No Repose From Decades-Long Feud Over the Western Sahara

By: Julian Mok

Sahrawi with Sahrawi Republic national flag. Photo by Michele Benericetti

Sahrawi with Sahrawi Republic national flag. Photo by Michele Benericetti

 

Lexington — On April 9, the United Nations Security Council adopted a resolution on the Western Sahara Peace Process, positing yet again that roundtable negotiation is necessary if all parties are to reach a political solution. In question is the Western Sahara, a piece of land covering 96,000 square miles.

Despite a number of similar resolutions in the past, the decades-long dispute has continued to exist and sour relations between Morocco and the Polisario Front, both of whom lay claim to the territory. Algeria, though insistent on its observer status, is also a player in the dispute.

Map courtesy of the Western Saharan Project

Map courtesy of the Western Saharan Project

The Western Sahara lies on the coast of Africa, bordering Morocco. Two-thirds of the territory is under Moroccan control, while the Polisario Front holds the other third.

The two areas are separated by a berm, or a buffer strip, comprised of landmines and fortification that span the length of the disputed territories. Like most, the center of this territorial dispute is access to resources. The Western Sahara is rich in phosphate deposits, fishing resources and potential oil reserves.

The UN has listed Western Sahara as a non-self-governing territory, a territory waiting to achieve autonomy for its 603,000 Sahrawi people.  Heading the fight for autonomy is the nationalist Polisario Front, whom the UN recognizes as the legitimate representative of the Sahrawi people. To them, the Western Sahara is rightfully known as the Sahrawi Arab Democratic Republic.

The Polisario Front began its fight for autonomy in 1975, when Spain partitioned the territory between Morocco and Mauritania without consulting local populations. The pro-independence Polisario Front sprung into action, opposing the deal and launching an armed struggle for liberation from Morocco and Mauritania. After years of fighting, Mauritania renounced its territorial claims, giving space for Morocco to take control of the whole of Western Sahara.
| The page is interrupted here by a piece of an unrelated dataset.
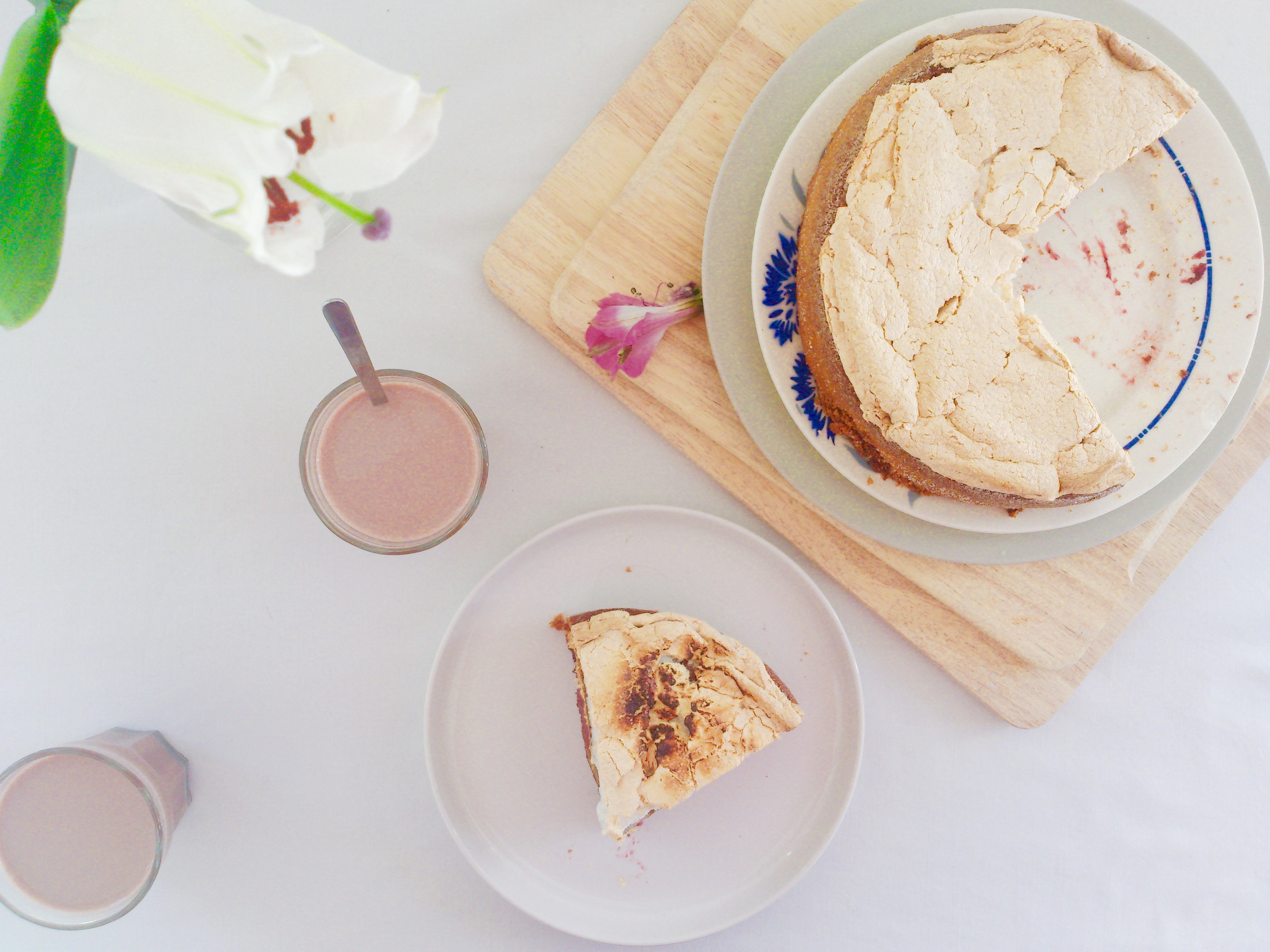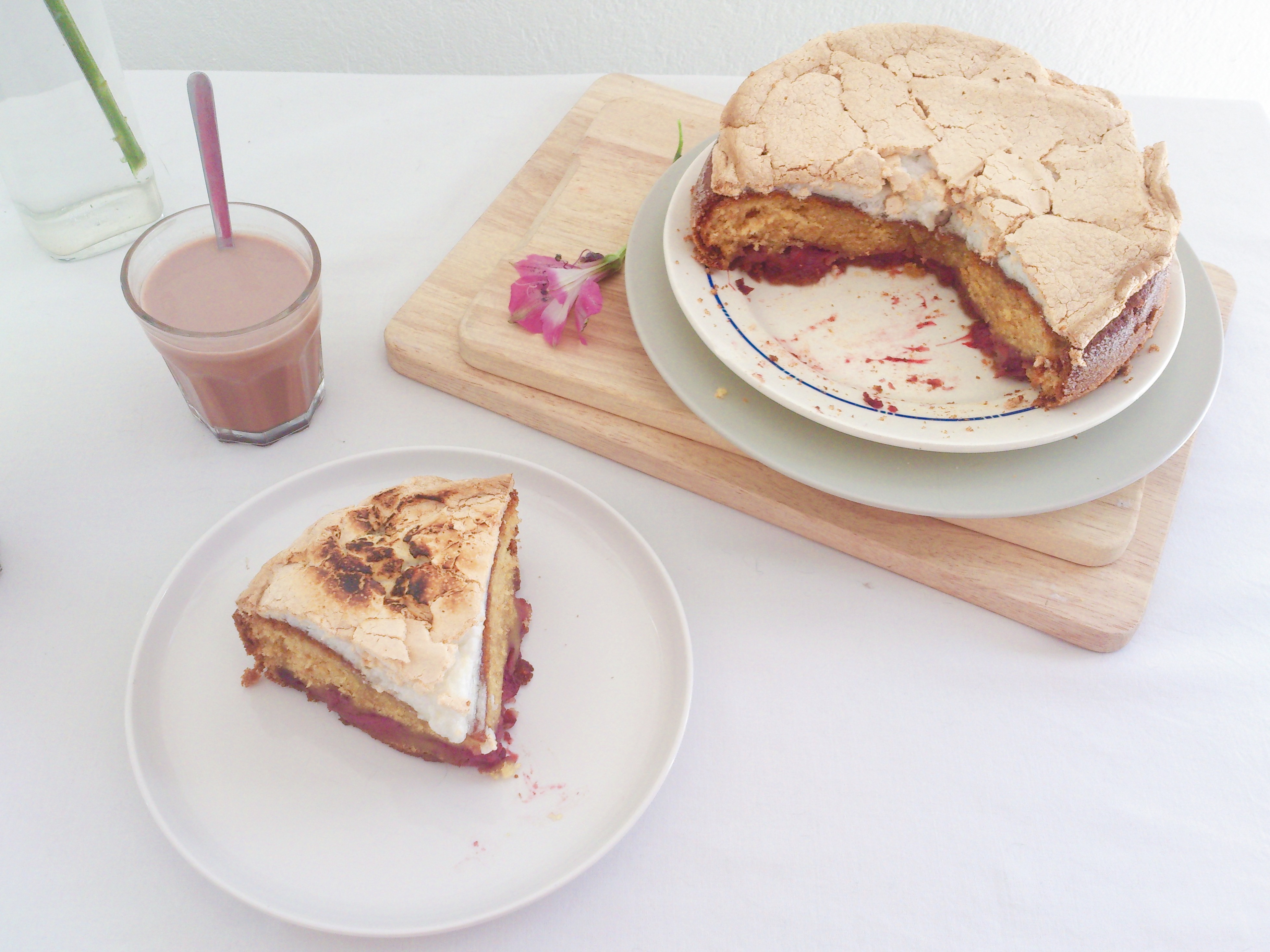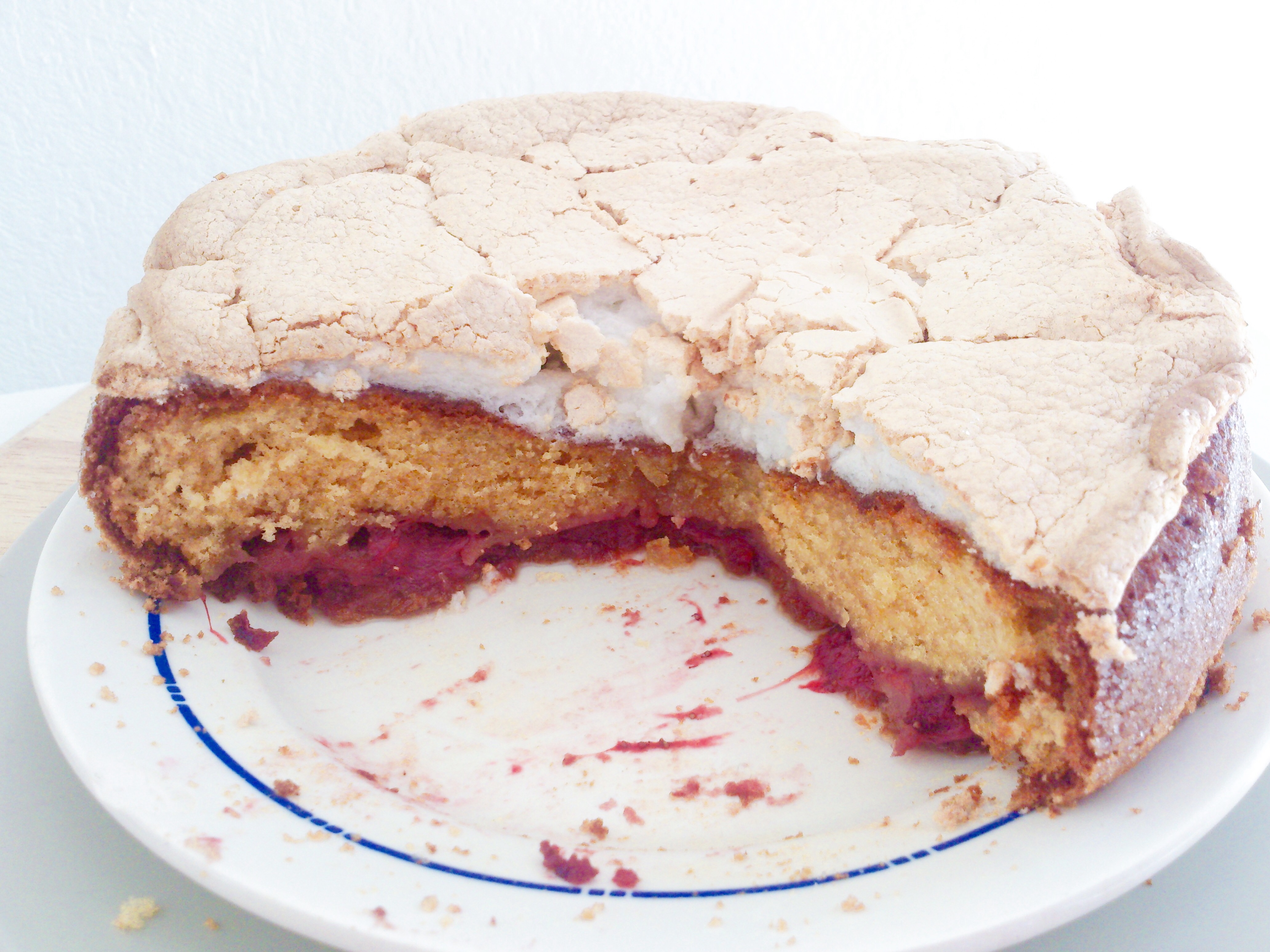 Le gâteau c’est effondré au centre, il n’était pas assez cuit quand je l’ai recouvert de meringue. Simple erreur de débutante, surveillez bien la cuisson 😉

Fighting continued into 1991, until the UN brokered a ceasefire and implemented a peace plan – this peace plan has not produced many tangible results. Many Sahrawis still flee to refugee camps, like the ones near Tindouf, a town in Algeria.  The Tindouf camps were established in the 70s and today, shelter 90,000 Sahrawi refugees.

While the Human Rights Watch did not find any evidence of systemic abuse within the camps, pro-Moroccan media have often described the camps as destitute and unlivable in an effort to smear Algeria. In some ways, the Western Sahara dispute has become a proxy-war between the two countries, although Algeria staunchly stands by its role as an observer state.

Moroccan authorities assert that Algerian support is the only reason Polisario Front has been able to sustain its fight for independence for this long. Moroccan officials posit that Algeria is the main arms provider for the Polisario Front, making the nationalist movement “an offshoot of the Algerian military establishment.” Algeria sustains that it takes no sides in the conflict and only wishes for all parties to come to peaceful resolution. These wishes, however, may have to be put on hold as diplomatic negotiations have ceased due to the current coronavirus pandemic.